The advantage of accounting for spatial correlation is a huge improvement in the precision of the parameter estimates. Additionally, we do not sacrifice degrees of freedom if we use the `gls`

function to model spatial correlation. Hopefully this example has been useful for emphasizing the need to account for model assumptions. I invite further discussion on methods for modeling spatial correlation.

Get the code here:

^{1}Zuur, A.F., Ieno, E.N., Walker, N.J., Saveliev, A.A., Smith, G.M., 2009. Mixed Effects Models and Extensions in Ecology with R. Springer, New York.

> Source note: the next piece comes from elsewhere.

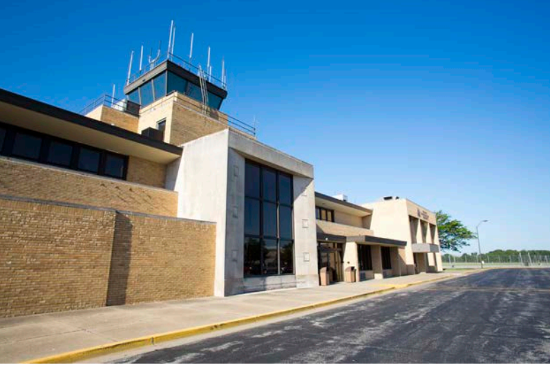
Figure 25: THRA Terminal built circa 1950s

Cross-blogging on R | The Cons Bio Blog

Hi. Thanks for the post. I was just wondering why try to solve a potential problem cause by spatial correlation if none of your predictors are significant. I mean, you would not even have a problem with type I error. Shouldn’t you just stop at the moment you noticed there is no relationship between your response and predictor variables?

Hi TS,

Thanks for reading. I suppose a spatial correlation structure could mask potential relationships with more relevant explanatory variables if the correlation is unaccounted for. In this example, we still see significant relationships w/o accounting for spatial correlation but perhaps this may not be observed in extreme cases. Conversely, you may induce Type II error by not accounting for spatial correlation. I’m no expert, but that’s my belief.

-Marcus

In the absence of simulated data (and ‘true’ or otherwise known parameter values), and assuming at least some knowledge by thy analyst of the system under consideration, wouldn’t the unexpectedly large estimate for the intercept (and esp. the large standard error for this estimate) call this gls fit into question? And if we had concerns about the intercept, would there be cause for concern about the other parameter estimates. Just curious. Thanks, and great post BTW! (P.S. did you have any issues with false convergence in fitting the gls model — I seem to be running into this issue.)

Hi,

Yea I think the model fit should come into question with the very large intercept… I’m not sure how to address the issue since I couldn’t find any literature on the topic. Not to mention convergence issues, which is why I included the seed for the data generation. From what I understand, spatial correlation is notoriously difficult to deal with… even tools like gls seem to have issues.

-Marcus

Hi, nice post! I have ran gls on my dataset using two different coordinate systems. I would expect to find the same optimal spatial correlation structure for a dataset no matter the choice of coordinate system (since the relative distance between sites are the same), but that is not the case for my data – different correlation structures get the lowest AIC depending on which coordinate system i use. The outcome is, however, the same with only small differences in p-value etc. Have you ran into this or have any thoughts about it?

Hm, that is strange. Are you comparing geographic vs. projected coordinate systems? The former is 2D whereas the latter is 3D. I suspect there might be minor differences comparing the two.